Diese Freiheit ist wertvoll, führt aber schnell zu Überlastung. Deshalb stellt sich die Frage: Was ist erlaubt? Und wie behalten wir den Überblick?
[Weiterlesen: Das Smartphone als Arbeitsplatz]
Firmenkultur und klare Regeln
Eine gesunde hybride Arbeitskultur braucht Orientierung. Dazu gehören:
- klare Erreichbarkeitszeiten
- realistische Deadlines
- transparente Kommunikation
- und ein gemeinsames Verständnis von Grenzen
Der Rahmen dafür ist gesetzlich definiert.
Von früh bis spät – was ist erlaubt?
Ohne zusätzliche Bewilligung darf in der Schweiz grundsätzlich nur zwischen 6 und 23 Uhr gearbeitet werden. Mit Zustimmung der Mehrheit kann dieses Zeitfenster um eine Stunde verschoben werden.
Nachtarbeit ist nur mit kantonaler Bewilligung erlaubt – und Arbeitende dürfen sie ablehnen. Sonntagsarbeit bleibt grundsätzlich tabu und ist nur mit ausdrücklicher Genehmigung möglich.
Jugendliche und Schwangere geniessen zusätzlichen Schutz und dürfen in bestimmten Zeiten gar nicht arbeiten.
Sonntagsarbeit? In der Regel ein Tabu
Die gesetzliche Reglung der Nachtarbeitszeit sowie die des arbeitsfreien Sonntags dient der Erholung der Arbeitnehmenden. Daher darf in der Zeit von Samstag, 23 Uhr, bis Sonntag, 23 Uhr, nur gearbeitet werden, wenn dies zuvor ausdrücklich genehmigt wurde. Auch hier ist die Verschiebung des Zeitintervalls um eine Stunde vor oder zurück zulässig, sofern die Mehrheit der Arbeitenden dem zustimmt.
Sonderregeln für Jugendliche und Schwangere
Jugendliche und Schwangere geniessen einen besonderen Schutz. Minderjährige dürfen keine Arbeit in der Nacht oder an Sonntagen verrichten. Genehmigungen, die es dennoch ermöglichen, werden nur unter strengen Auflagen und lediglich in Einzelfällen erteilt.
Schwangere ab dem achten Schwangerschaftsmonat dürfen grundsätzlich zwischen 20 Uhr abends und 6 Uhr morgens nicht mehr arbeiten.
Anwendungen in der Praxis
Für höhere Führungspositionen gelten Ausnahmen, da von ihnen ein erhöhter Arbeitseinsatz erwartet wird.
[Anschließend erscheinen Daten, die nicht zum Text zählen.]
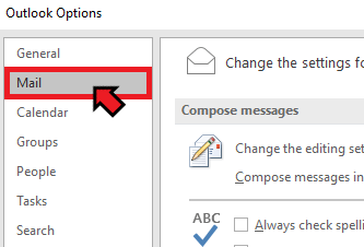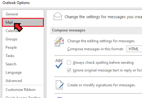 步骤 4)在弹出的“选项”窗口中点击“邮件”选项。

Für alle anderen Mitarbeitenden gelten die gesetzlichen Vorgaben – auch im Homeoffice.
Das bedeutet: Wer nachts oder am Sonntag arbeitet, kann nicht einfach nachträglich Ausgleich verlangen, wenn diese Arbeit nicht erlaubt oder abgesprochen war.
Zeiterfassung schafft Strukturen
Arbeitgeberinnen und Arbeitgeber sind verpflichtet, die Arbeitszeit ihrer Mitarbeitenden zu erfassen. Besonders in Homeoffice‑ und Hybrid‑Work‑Modellen ist ein Zeiterfassungssystem entscheidend. Es ermöglicht:
- die Überwachung von Nacht‑ und Sonntagsarbeit
- individuelle Kompensationsregelungen
- automatische Hinweise bei Überschreitungen
- die Einhaltung gesetzlicher Ruhezeiten
Wird die Zeiterfassung um eine Leistungserfassung ergänzt, lassen sich Projekte präziser planen und abrechnen. Zeitfresser werden sichtbar, Pauschalangebote realistischer kalkulierbar.
Bei Green IT Solutions setzen wir auf TimeSafe – mit Badge vor Ort oder Login via PC oder Smartphone, im Büro, im Homeoffice oder unterwegs.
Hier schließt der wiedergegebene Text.